Start of Block

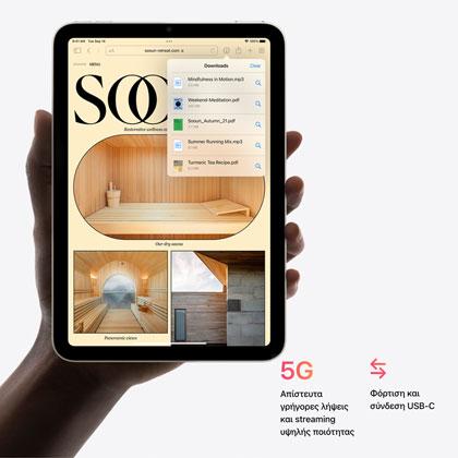 Υπέροχη σχεδίαση που καλύπτει όλη την πρόσοψη με οθόνη Liquid Retina 8.3 ιντσών που χωρά στην παλάμη του χεριού σου. Επιπλέον, το Apple Pencil τώρα συνδέεται μαγνητικά στην πλαϊνή πλευρά και είναι έτοιμο για ό,τι θέλεις να κάνεις αυθόρμητα και κάθε στιγμή.
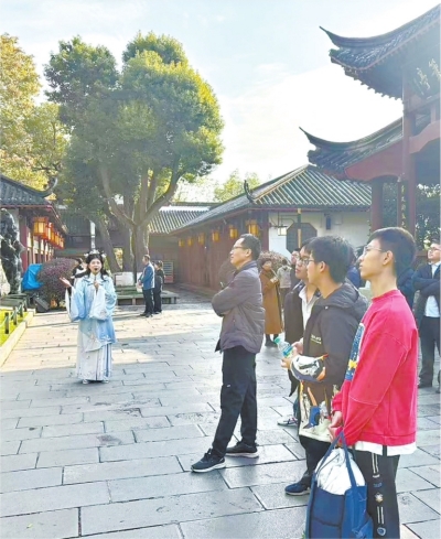古风志愿讲解员在黄鹤楼公园搁笔亭前讲解。
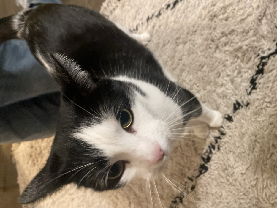 - "A black and white cat looks upwards, its face centered" by FM-niTNZ2, licensed under CC BY 4.0
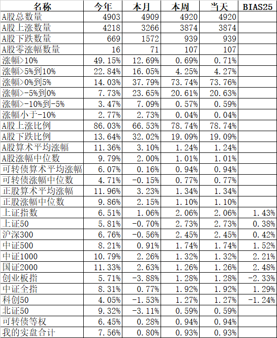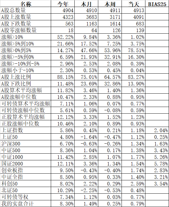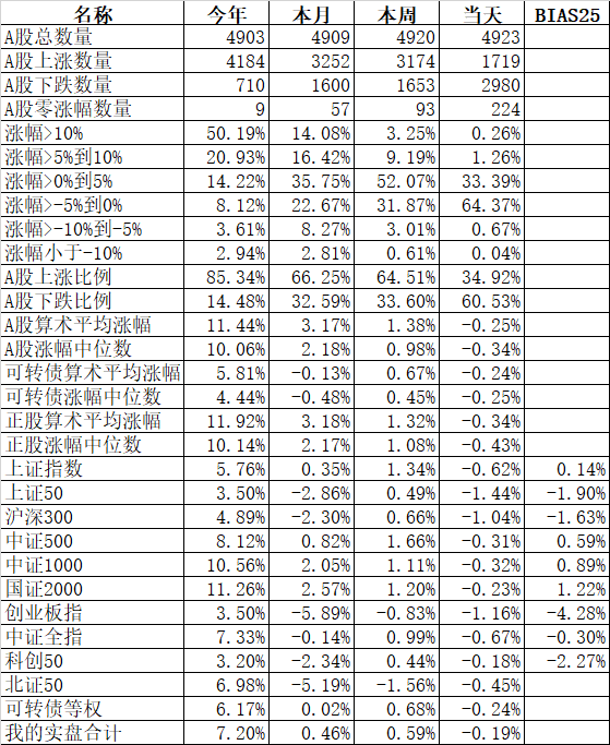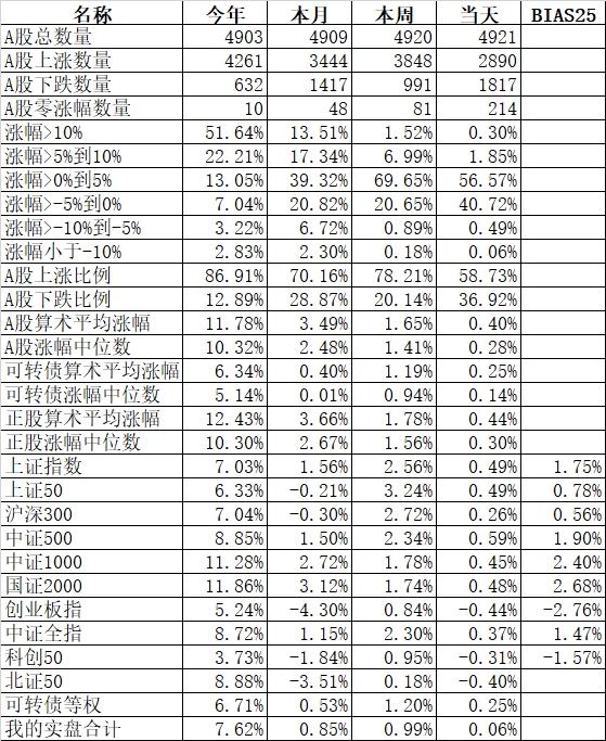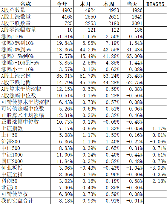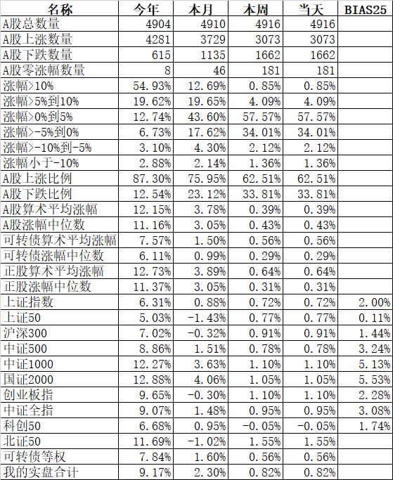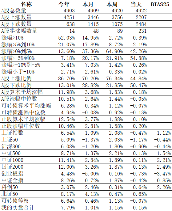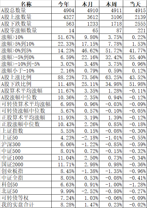 今天我的可转债持仓表现不错,但小市值表现相对弱,拖了后腿。虽然今年4.03%的收益率跑赢了可转债等权指数,但全部跑输了主流的宽基指数。好几个网友都说是不是要换赛道了。
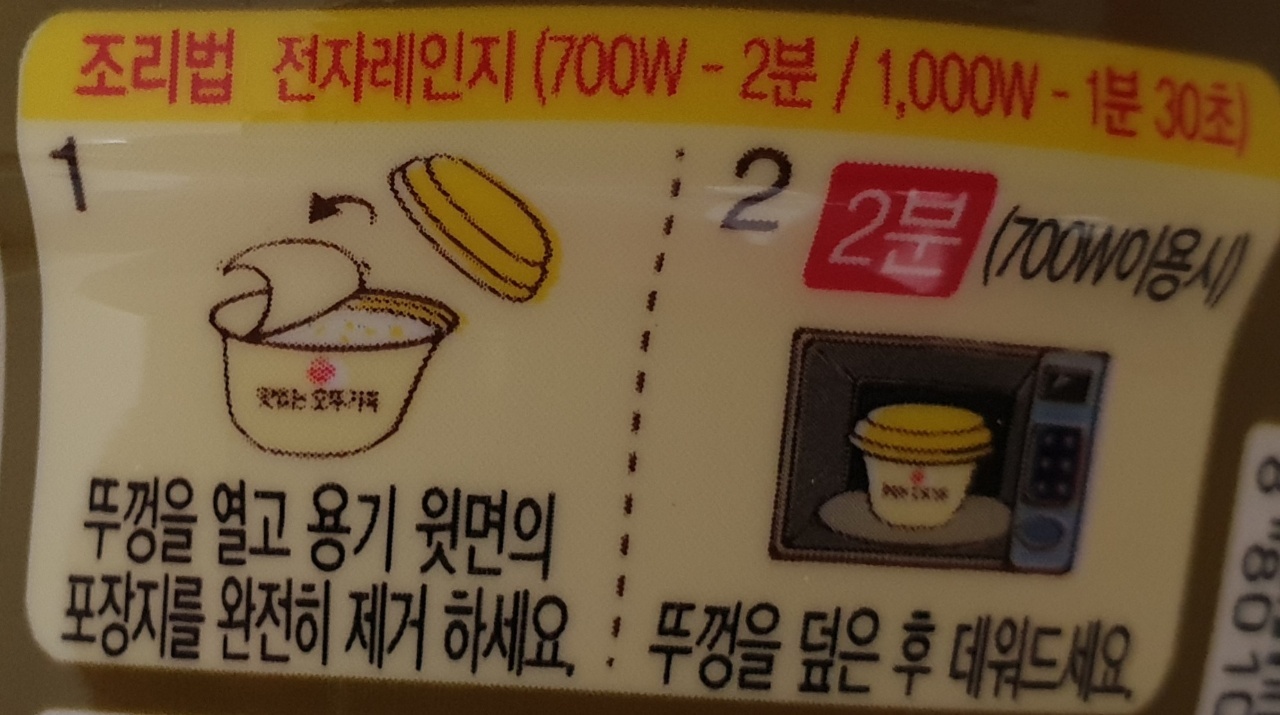 전자레인지 (700w - 2분 / 1,000w - 1분 30초)
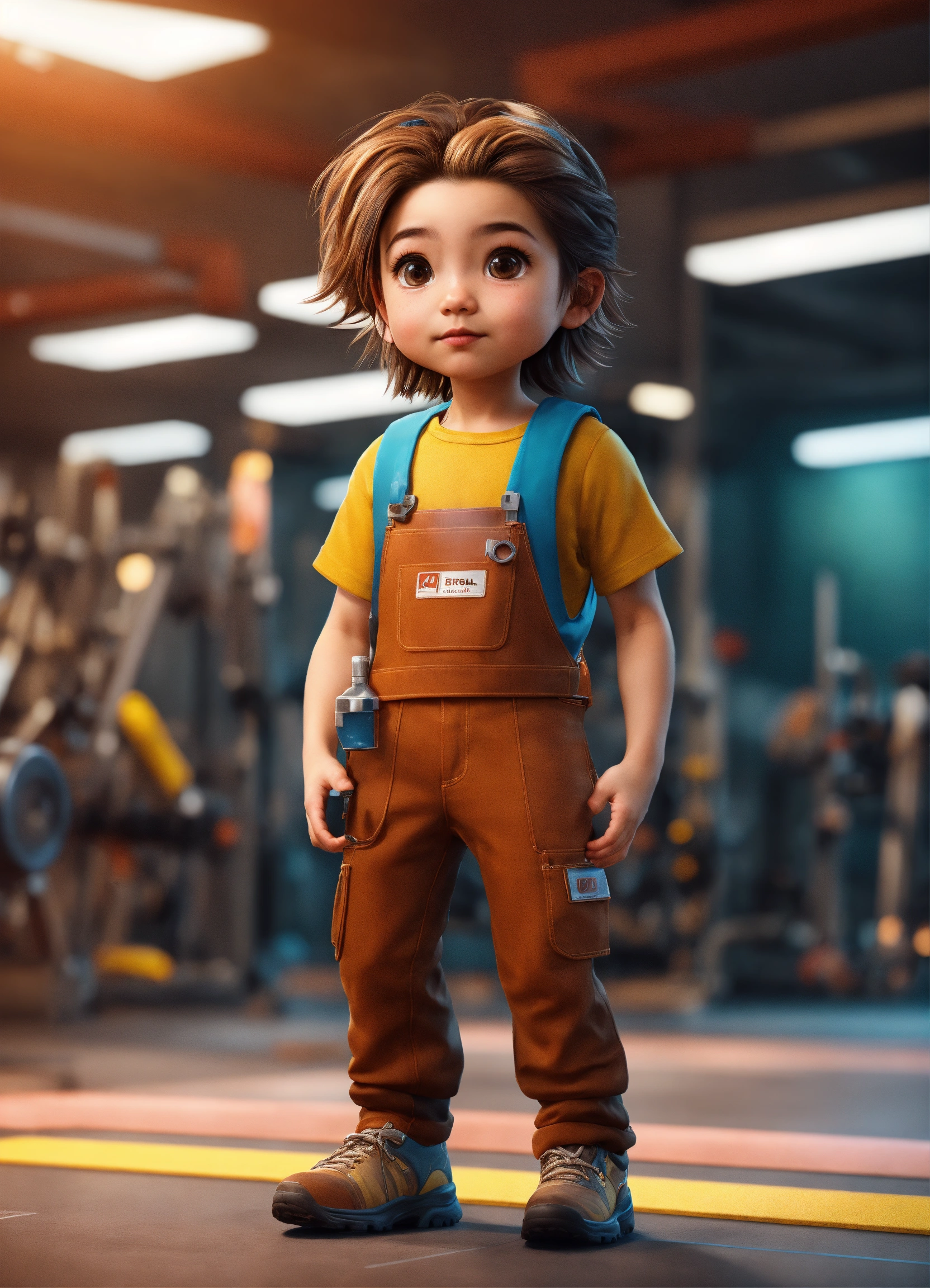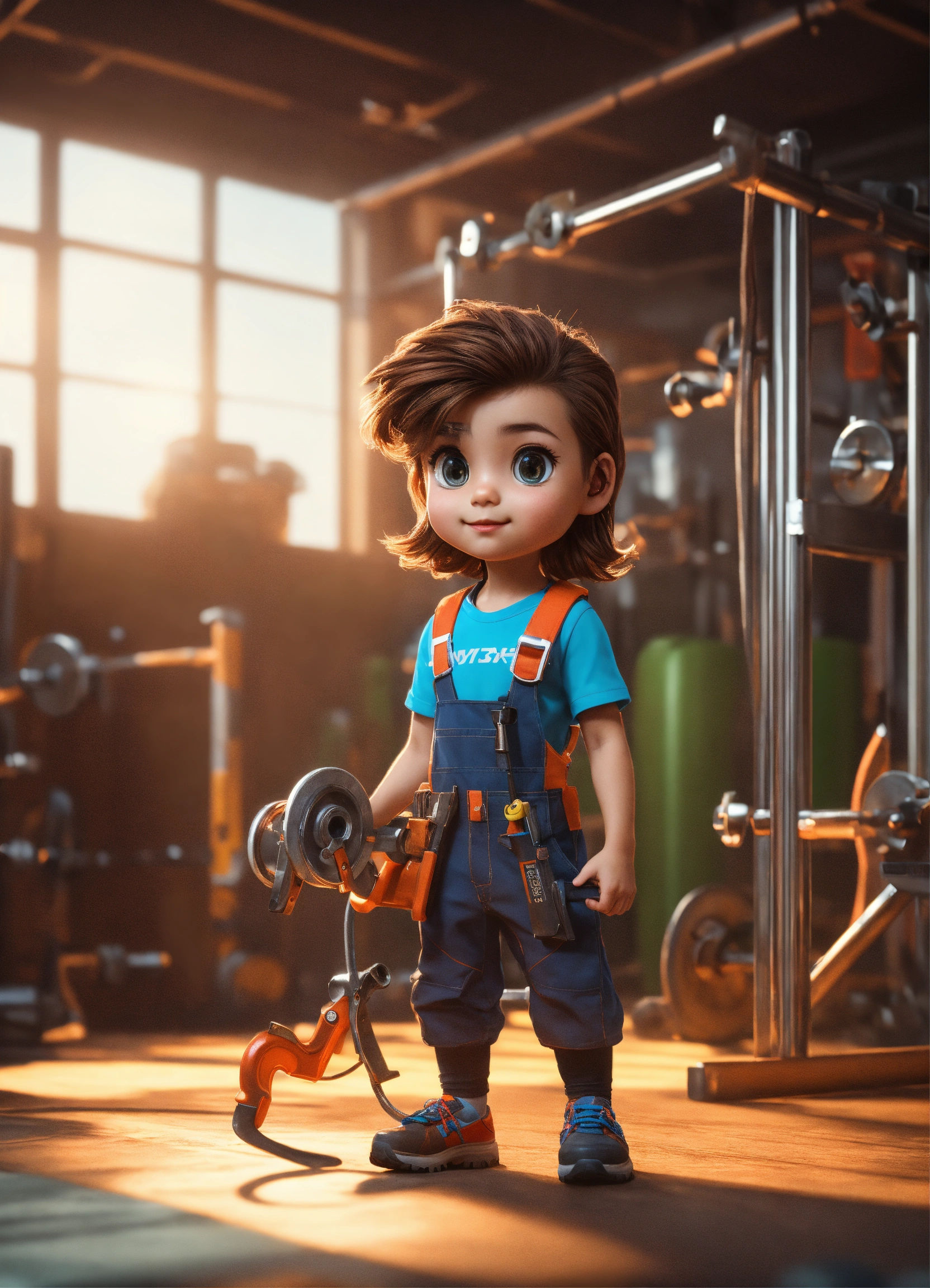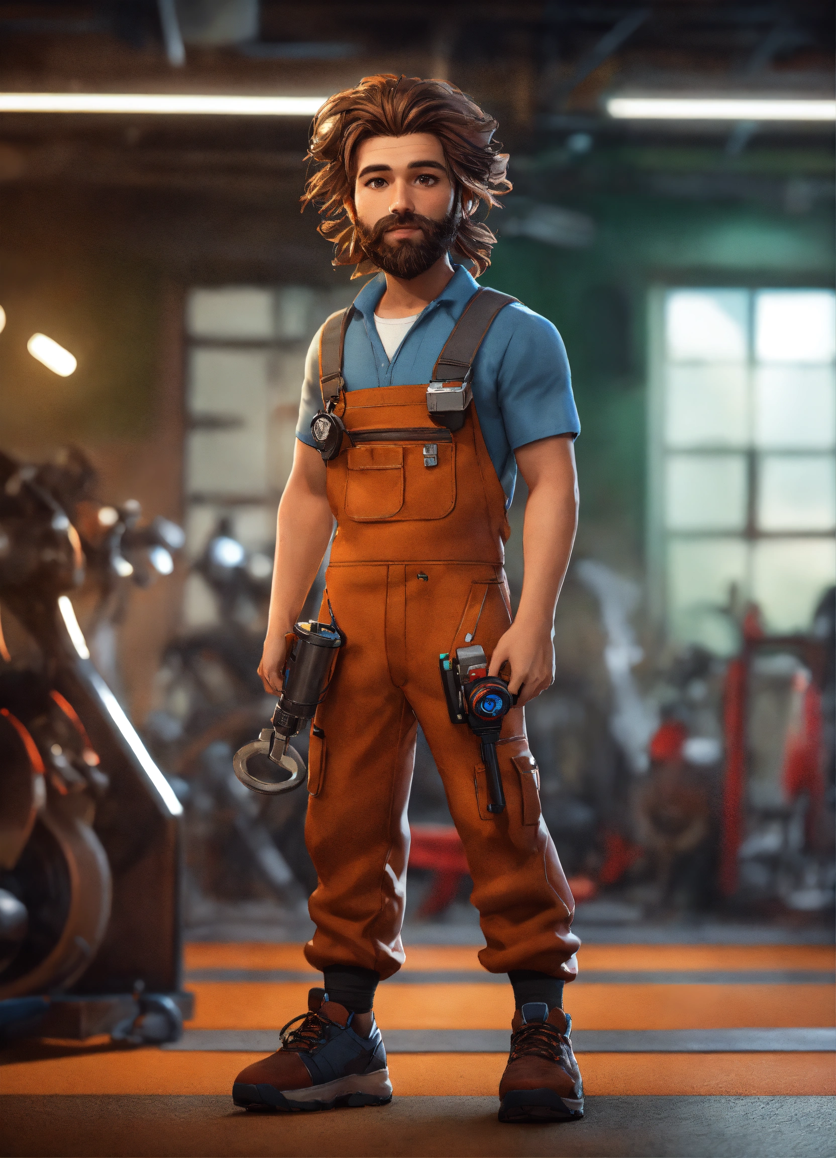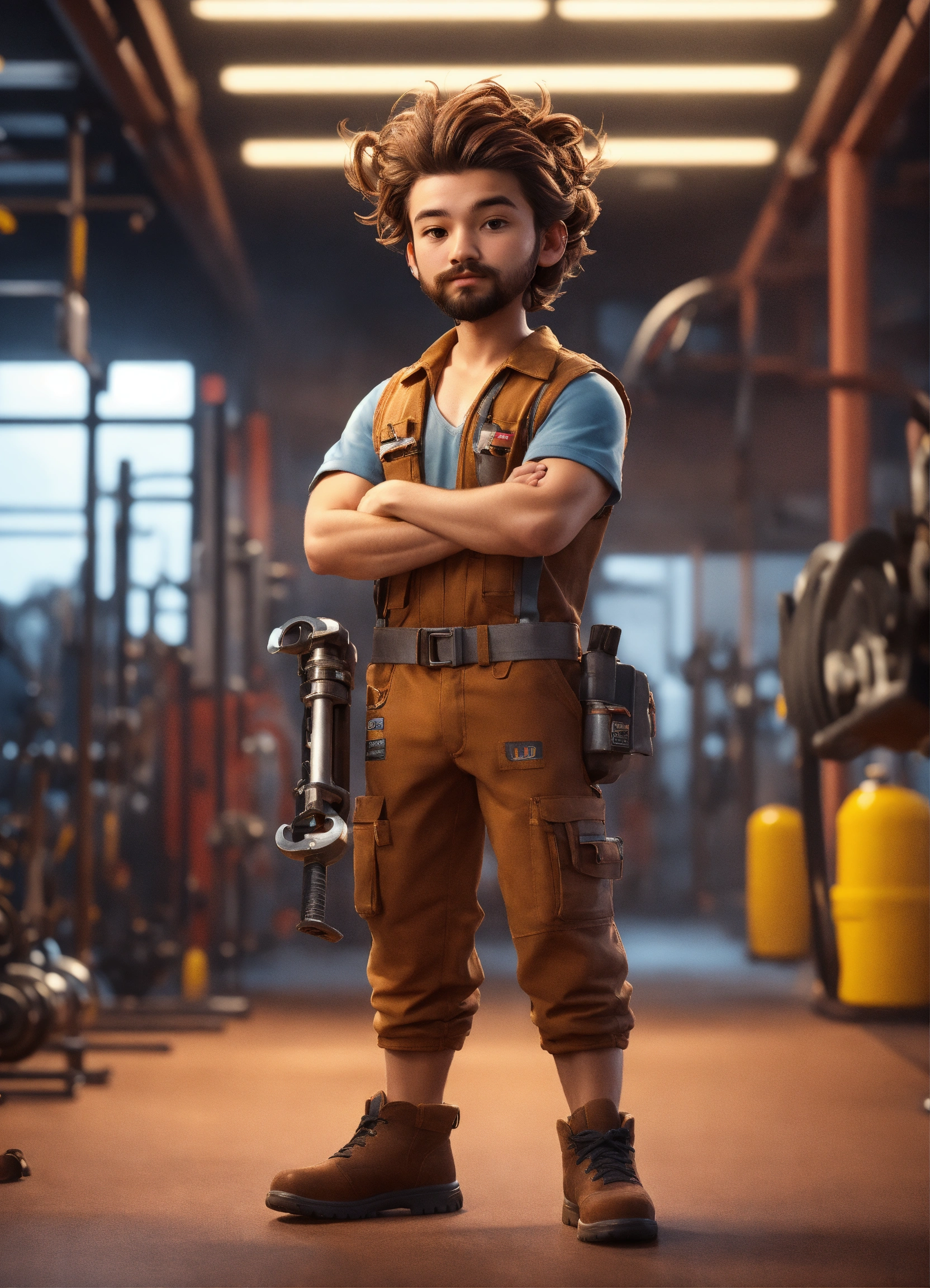 Full-body 4d photographic image dressed as a mechanic, holding a wrench, of a cute male chibi boy with very long hair, a bun, and a beard, brown hair color, realistic and vivid colors, rendered in octane, standing out on artstation, artistic photography, hyperrealistic concept art, soft, natural, and perfect volumetric cinematic light, in ultra-high definition (uhd) with a background in a gym
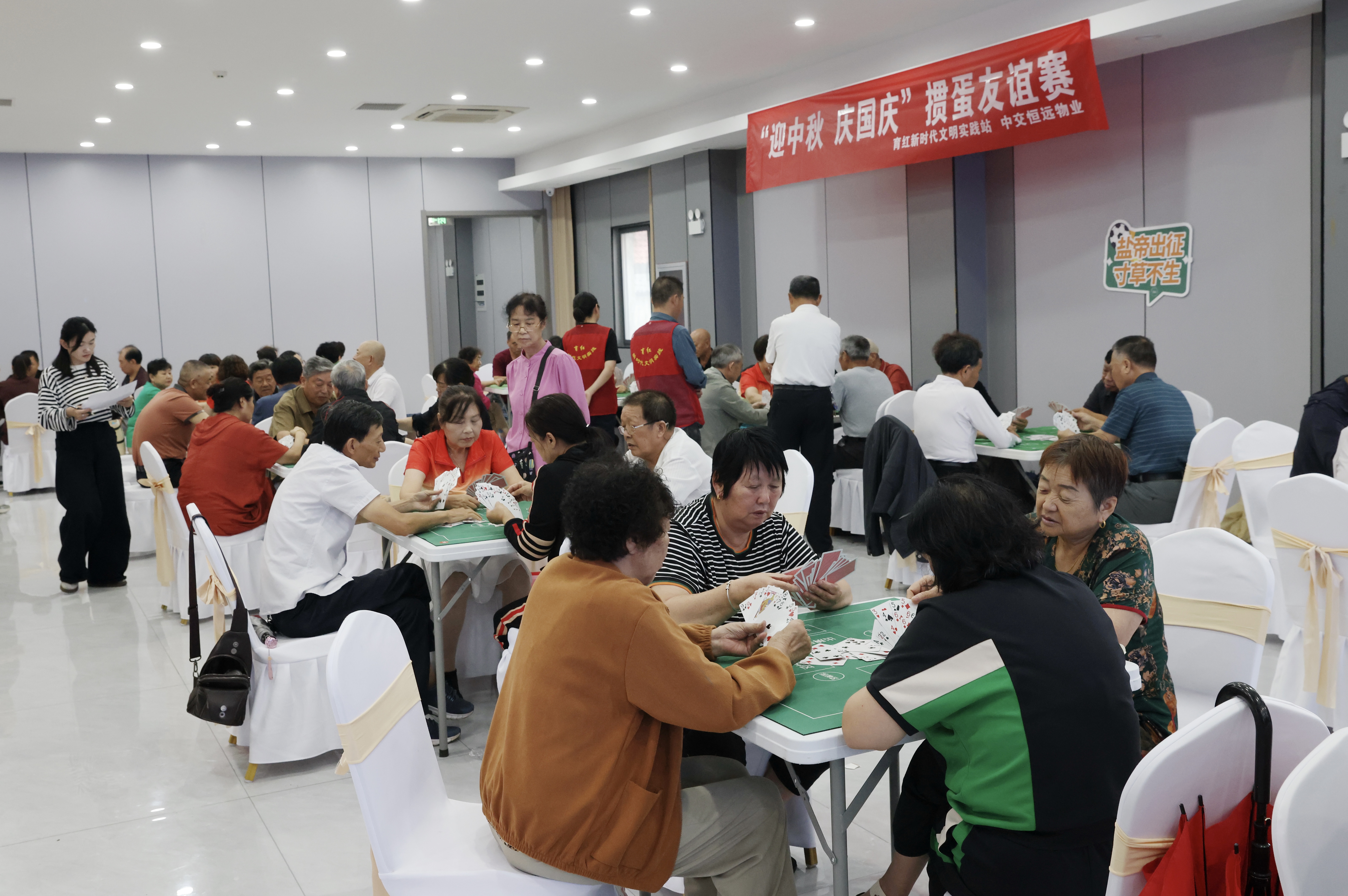 9月26日下午,大丰区大中街道育红社区与中交恒远物业公司联合举办“迎中秋庆国庆”掼蛋友谊赛。活动吸引了120多名居民参赛,牌桌上选手默契配合、冷静博弈,赛场下邻里交流欢笑不断。经过多轮比拼,3组6位选手分获冠、亚、季军,社区和物业公司工作人员为获奖者送上实用礼品。此次比赛不仅丰富了居民生活,还搭建了邻里互动平台,进一步拉近社区与居民、居民与居民间的距离,为构建和谐社区注入活力。(方勇 花惠娟)

End of Block

Repeat every record above exactly. The pictures do not belong in the copy.

 Υπέροχη σχεδίαση που καλύπτει όλη την πρόσοψη με οθόνη Liquid Retina 8.3 ιντσών που χωρά στην παλάμη του χεριού σου. Επιπλέον, το Apple Pencil τώρα συνδέεται μαγνητικά στην πλαϊνή πλευρά και είναι έτοιμο για ό,τι θέλεις να κάνεις αυθόρμητα και κάθε στιγμή.
古风志愿讲解员在黄鹤楼公园搁笔亭前讲解。
 - "A black and white cat looks upwards, its face centered" by FM-niTNZ2, licensed under CC BY 4.0
 今天我的可转债持仓表现不错,但小市值表现相对弱,拖了后腿。虽然今年4.03%的收益率跑赢了可转债等权指数,但全部跑输了主流的宽基指数。好几个网友都说是不是要换赛道了。
 전자레인지 (700w - 2분 / 1,000w - 1분 30초)
 Full-body 4d photographic image dressed as a mechanic, holding a wrench, of a cute male chibi boy with very long hair, a bun, and a beard, brown hair color, realistic and vivid colors, rendered in octane, standing out on artstation, artistic photography, hyperrealistic concept art, soft, natural, and perfect volumetric cinematic light, in ultra-high definition (uhd) with a background in a gym
 9月26日下午,大丰区大中街道育红社区与中交恒远物业公司联合举办“迎中秋庆国庆”掼蛋友谊赛。活动吸引了120多名居民参赛,牌桌上选手默契配合、冷静博弈,赛场下邻里交流欢笑不断。经过多轮比拼,3组6位选手分获冠、亚、季军,社区和物业公司工作人员为获奖者送上实用礼品。此次比赛不仅丰富了居民生活,还搭建了邻里互动平台,进一步拉近社区与居民、居民与居民间的距离,为构建和谐社区注入活力。(方勇 花惠娟)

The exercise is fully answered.